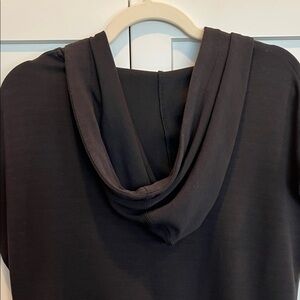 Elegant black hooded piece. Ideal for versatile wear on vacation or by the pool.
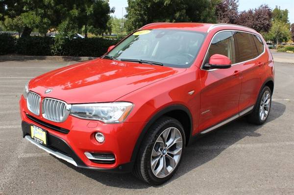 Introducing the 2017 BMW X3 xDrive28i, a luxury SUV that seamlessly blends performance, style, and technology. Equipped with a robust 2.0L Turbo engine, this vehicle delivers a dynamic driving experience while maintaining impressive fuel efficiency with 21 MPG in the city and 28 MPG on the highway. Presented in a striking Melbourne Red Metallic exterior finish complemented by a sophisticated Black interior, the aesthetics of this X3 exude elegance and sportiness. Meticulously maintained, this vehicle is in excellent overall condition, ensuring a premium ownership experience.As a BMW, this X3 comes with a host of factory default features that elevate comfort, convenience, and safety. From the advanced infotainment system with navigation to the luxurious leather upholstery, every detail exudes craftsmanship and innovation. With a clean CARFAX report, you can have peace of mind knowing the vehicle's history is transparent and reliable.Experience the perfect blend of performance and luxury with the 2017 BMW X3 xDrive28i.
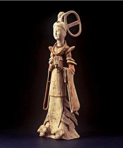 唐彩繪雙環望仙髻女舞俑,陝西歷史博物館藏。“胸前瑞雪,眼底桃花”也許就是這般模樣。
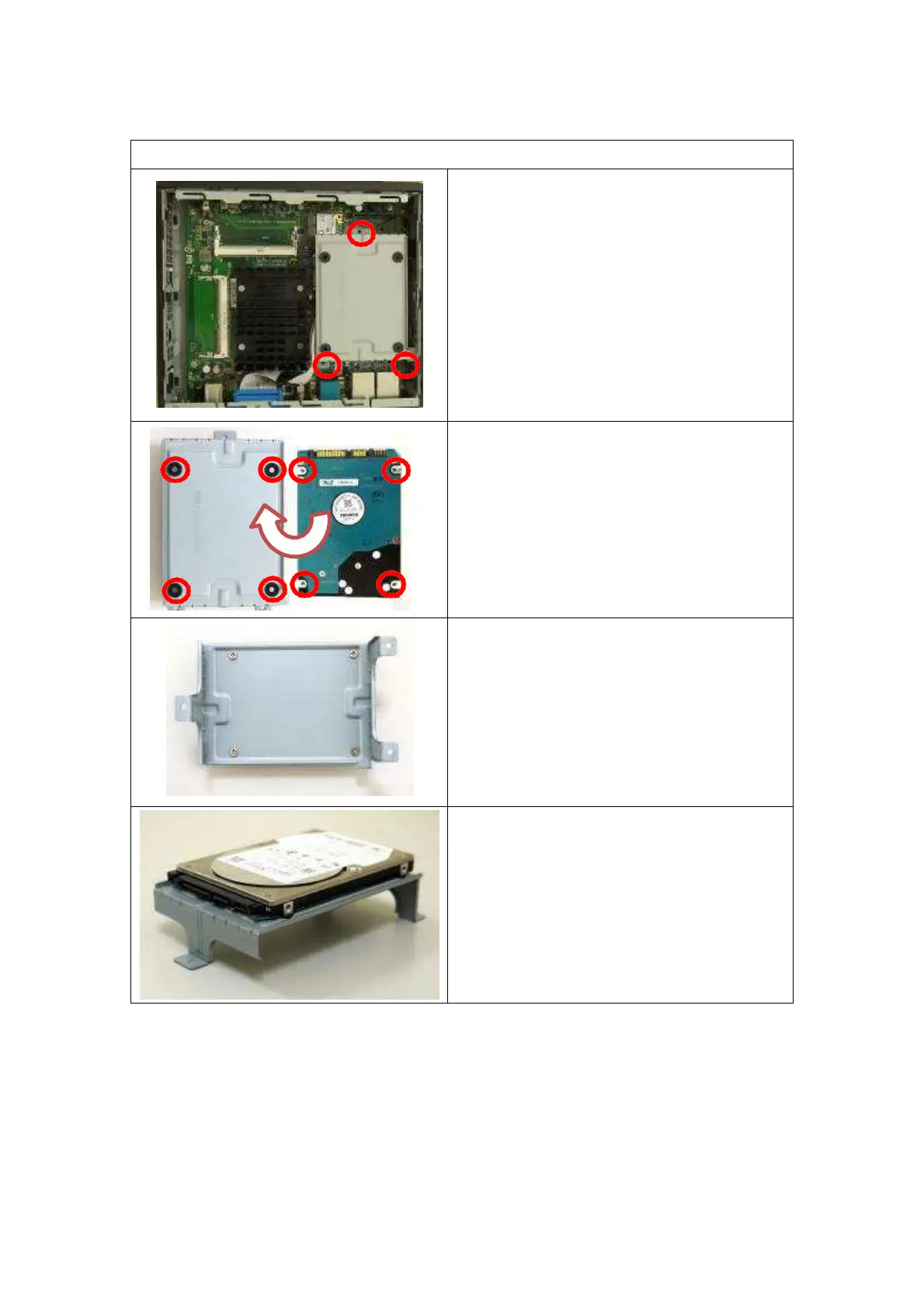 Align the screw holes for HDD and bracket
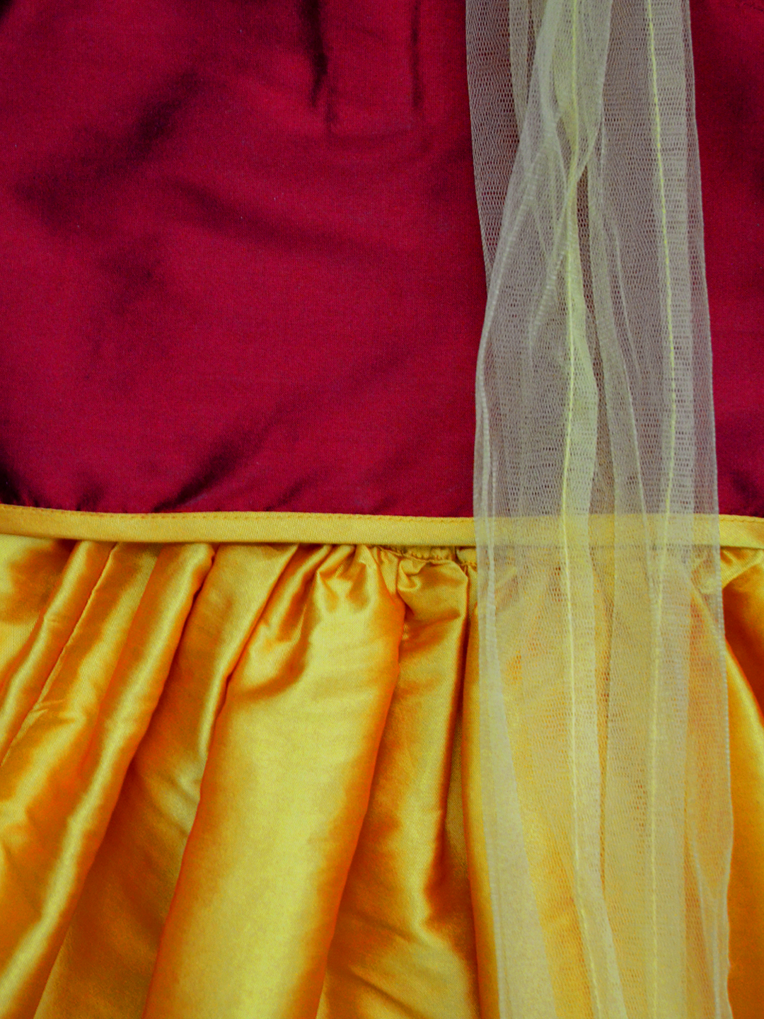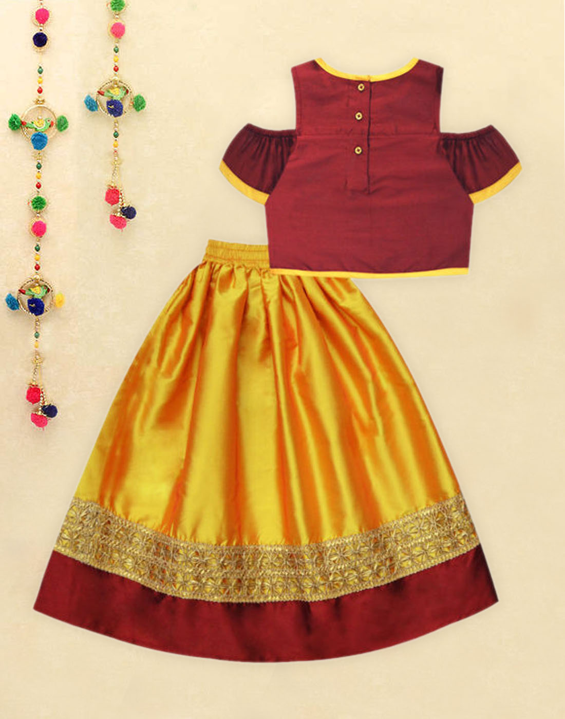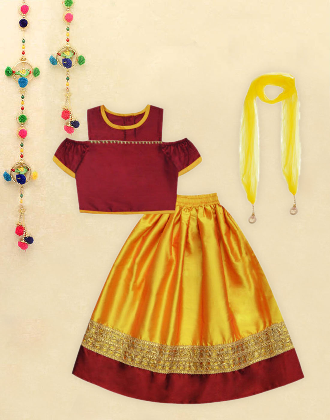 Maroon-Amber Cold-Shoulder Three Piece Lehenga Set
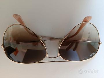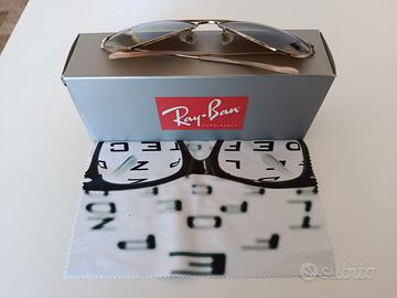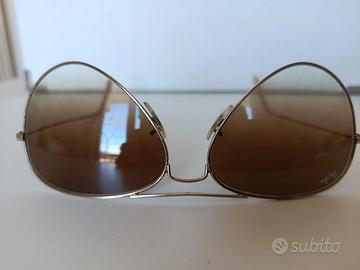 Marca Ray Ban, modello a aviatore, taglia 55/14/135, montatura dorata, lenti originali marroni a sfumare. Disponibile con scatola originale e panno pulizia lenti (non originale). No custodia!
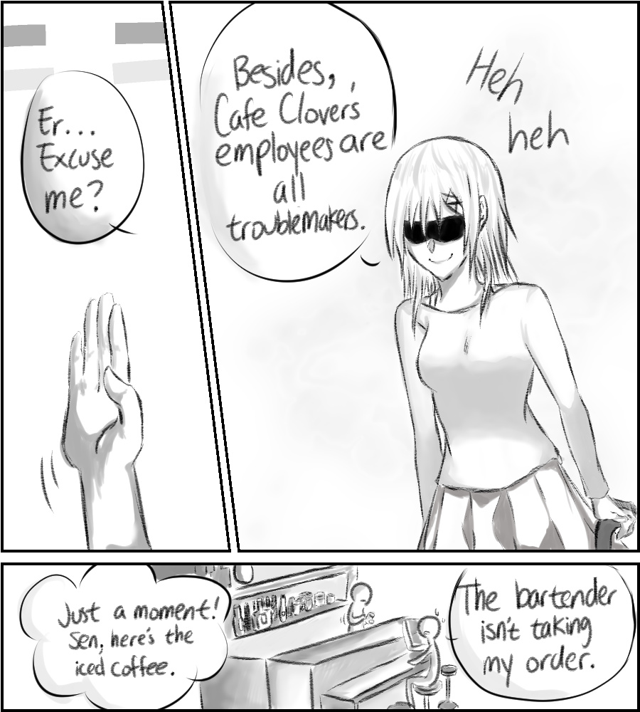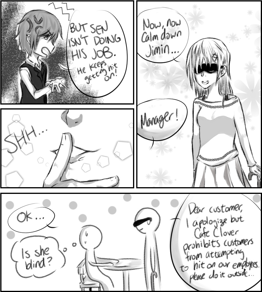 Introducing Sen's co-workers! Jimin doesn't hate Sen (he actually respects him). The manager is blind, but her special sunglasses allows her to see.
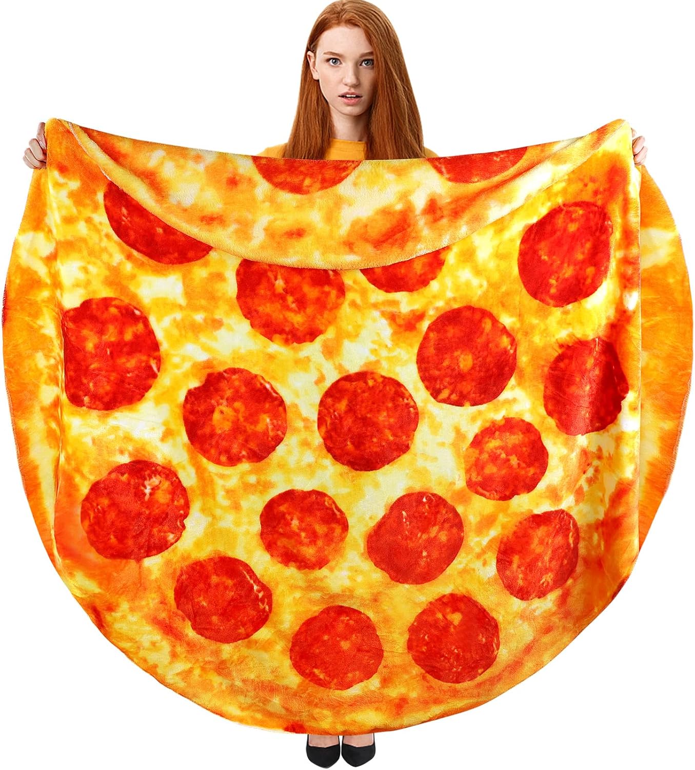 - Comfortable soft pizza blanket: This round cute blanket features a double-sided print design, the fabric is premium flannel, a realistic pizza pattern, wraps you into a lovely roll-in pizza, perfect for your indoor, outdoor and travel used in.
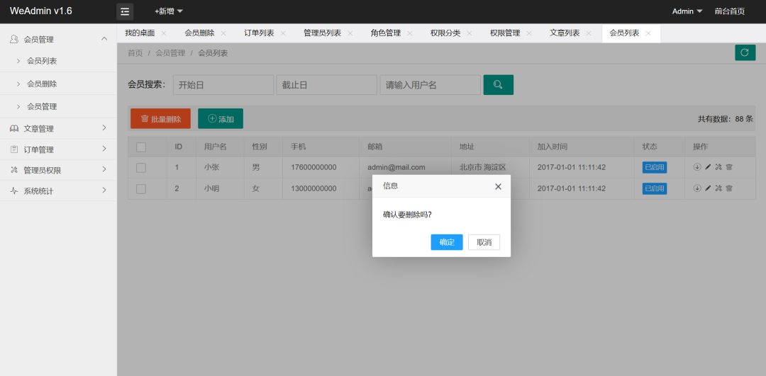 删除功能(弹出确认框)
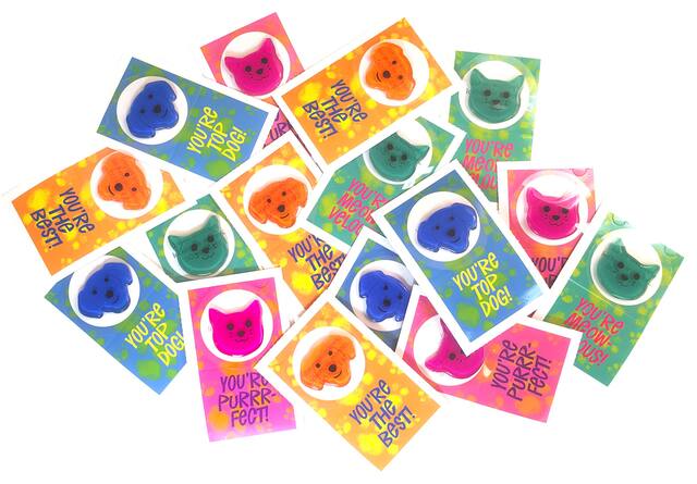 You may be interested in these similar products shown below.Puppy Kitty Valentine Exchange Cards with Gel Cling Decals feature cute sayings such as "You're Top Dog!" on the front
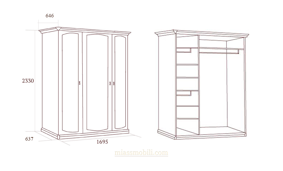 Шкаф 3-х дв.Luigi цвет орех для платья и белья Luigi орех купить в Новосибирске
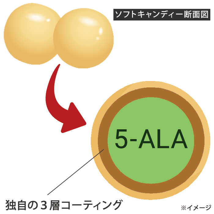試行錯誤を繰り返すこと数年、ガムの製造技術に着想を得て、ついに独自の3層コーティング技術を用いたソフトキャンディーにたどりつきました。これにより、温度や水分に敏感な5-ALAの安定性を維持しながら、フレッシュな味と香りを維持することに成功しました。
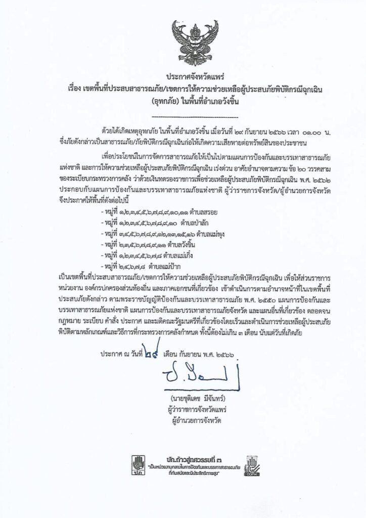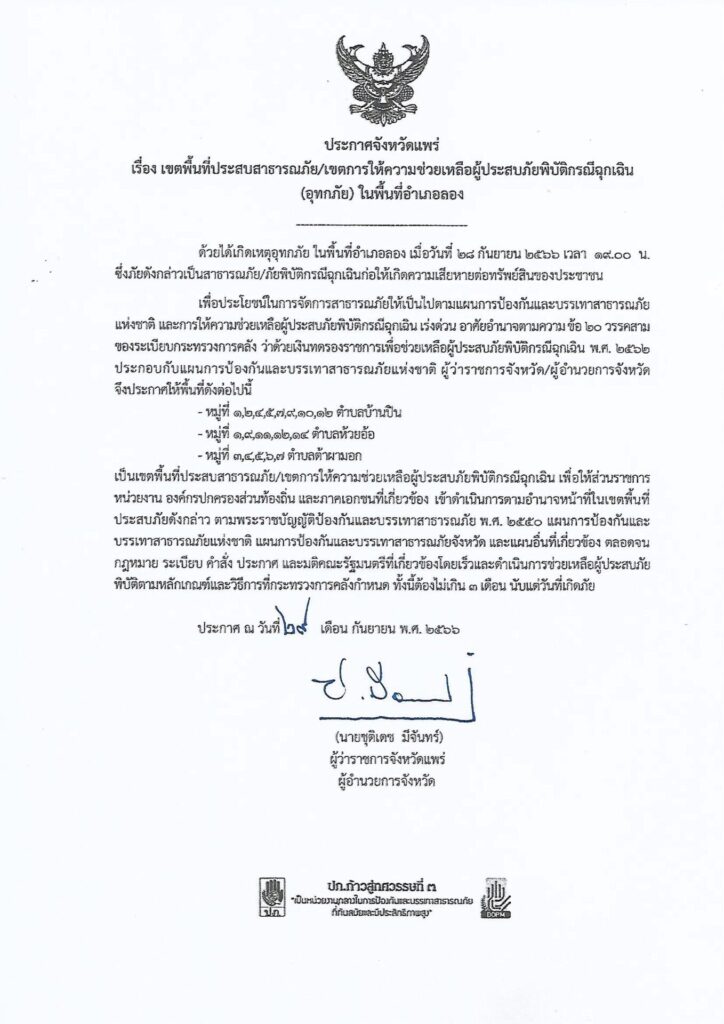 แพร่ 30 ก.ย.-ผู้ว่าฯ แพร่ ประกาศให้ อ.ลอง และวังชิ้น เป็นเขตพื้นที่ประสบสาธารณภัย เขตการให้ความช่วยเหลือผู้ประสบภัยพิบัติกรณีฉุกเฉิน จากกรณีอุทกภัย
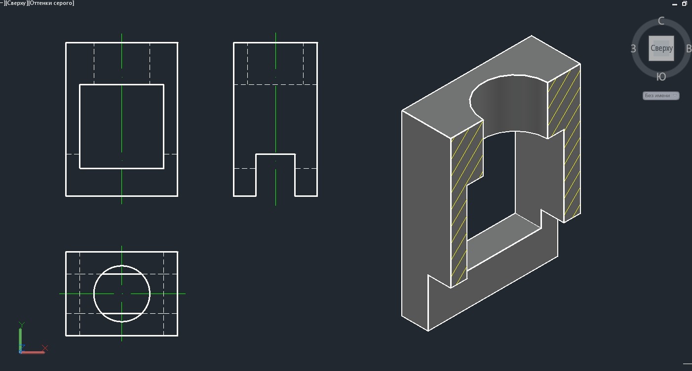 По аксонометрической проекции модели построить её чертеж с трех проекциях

Exercise:
Out of the records above, please copy exactly the lines from the line with "唐彩繪雙環望仙髻女舞俑,陝西" up to and including the line with "แพร่ 30 ก.ย.-ผู้ว่าฯ", minus the pictures.

Exercise result:
 唐彩繪雙環望仙髻女舞俑,陝西歷史博物館藏。“胸前瑞雪,眼底桃花”也許就是這般模樣。
 Align the screw holes for HDD and bracket
 Maroon-Amber Cold-Shoulder Three Piece Lehenga Set
 Marca Ray Ban, modello a aviatore, taglia 55/14/135, montatura dorata, lenti originali marroni a sfumare. Disponibile con scatola originale e panno pulizia lenti (non originale). No custodia!
 Introducing Sen's co-workers! Jimin doesn't hate Sen (he actually respects him). The manager is blind, but her special sunglasses allows her to see.
 - Comfortable soft pizza blanket: This round cute blanket features a double-sided print design, the fabric is premium flannel, a realistic pizza pattern, wraps you into a lovely roll-in pizza, perfect for your indoor, outdoor and travel used in.
 删除功能(弹出确认框)
 You may be interested in these similar products shown below.Puppy Kitty Valentine Exchange Cards with Gel Cling Decals feature cute sayings such as "You're Top Dog!" on the front
 Шкаф 3-х дв.Luigi цвет орех для платья и белья Luigi орех купить в Новосибирске
試行錯誤を繰り返すこと数年、ガムの製造技術に着想を得て、ついに独自の3層コーティング技術を用いたソフトキャンディーにたどりつきました。これにより、温度や水分に敏感な5-ALAの安定性を維持しながら、フレッシュな味と香りを維持することに成功しました。
 แพร่ 30 ก.ย.-ผู้ว่าฯ แพร่ ประกาศให้ อ.ลอง และวังชิ้น เป็นเขตพื้นที่ประสบสาธารณภัย เขตการให้ความช่วยเหลือผู้ประสบภัยพิบัติกรณีฉุกเฉิน จากกรณีอุทกภัย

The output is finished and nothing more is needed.